I don't think there's any trick for intra-cue comments that would work in SRT.
================================================================================
 #20  Silvia Pfeiffer                                 2012-02-02 04:02:30 +0000 
--------------------------------------------------------------------------------
Getting the information from different discussion threads in here:

An earlier suggestion by Ian was:
>
> For example:
>
>  00:00.000 --> 00:01.000
>  one <! inline comment > one
>
>  COMMENT-->
>  00:02.000 --> 00:03.000
>  two; this is entirely
>  commented out
>
>  <! this is the ID line
>  00:04.000 --> 00:05.000
>  three; last line is a ">"
>  which is part of the cue
>  and is not a comment.
>  >
>
> The above would work today in a conforming UA. The question really is what
> parts of this do we want to support and what do we not care enough about.

I'm bringing this up again because the WebM community is currently discussing how to encapsulate WebVTT into WebM, see https://docs.google.com/document/d/1-tVXd1mRlWNvZrdIkLAJEp5xt3gDVDwfVubyUm9oNJ4/edit?hl=en_US .

It has some thoughts on how to handle the features that we are still discussing, comments amongst them.

It would be time we resolve those outstanding features.
================================================================================
 #21  Silvia Pfeiffer                                 2012-02-07 03:31:22 +0000 
--------------------------------------------------------------------------------
Something that Glenn Maynard brought up on the mailing list:
we could support inline comments simply as a special type of class, e.g.

WEBVTT

00:00.000 --> 00:01.000
one <c hidden>inline comment</c> two


We then just need a default style for class=hidden that maps to CSS display:none and for standalone players is meaningful as a hidden class.

That would solve the inline comments case.

Then we just need to solve commenting out blocks or cues.
================================================================================
 #22  Ian 'Hixie' Hickson                             2012-04-25 18:46:41 +0000 
--------------------------------------------------------------------------------
I think we shouldn't solve the inline comment case. (We can "solve" it by letting people hide bits of cues as in comment 21, but that shouldn't be an official solution, since it mixes presentation and content in a way that would break in non-CSS UAs.)

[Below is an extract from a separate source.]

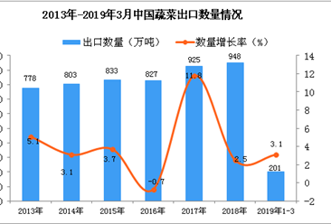 中商情报网讯:据中商产业研究院数据库显示,2013年-2015年中国蔬菜出口量呈小幅度增长,2017年-2018年中国蔬菜出口量维持增长趋势;2019年1-3月中国蔬菜出口量为201万吨...【详情】

I don't really understand the use case for commenting out a cue but leaving it in.

For the remaining use cases I'm planning on going with comment 16's proposal.
================================================================================
Comment 1 Silvia Pfeiffer 2012-08-17 12:41:39 UTC
Moving to Text Track CG where WebVTT is being specified.
Comment 2 Ian 'Hixie' Hickson 2012-08-29 23:49:35 UTC

*** This bug has been marked as a duplicate of bug 14552 ***
Comment 3 Silvia Pfeiffer 2012-08-30 02:57:38 UTC
Hmm... this is a bug of the TextTracks CG - are you now moving all bugs that relate to WebVTT to the WHATWG?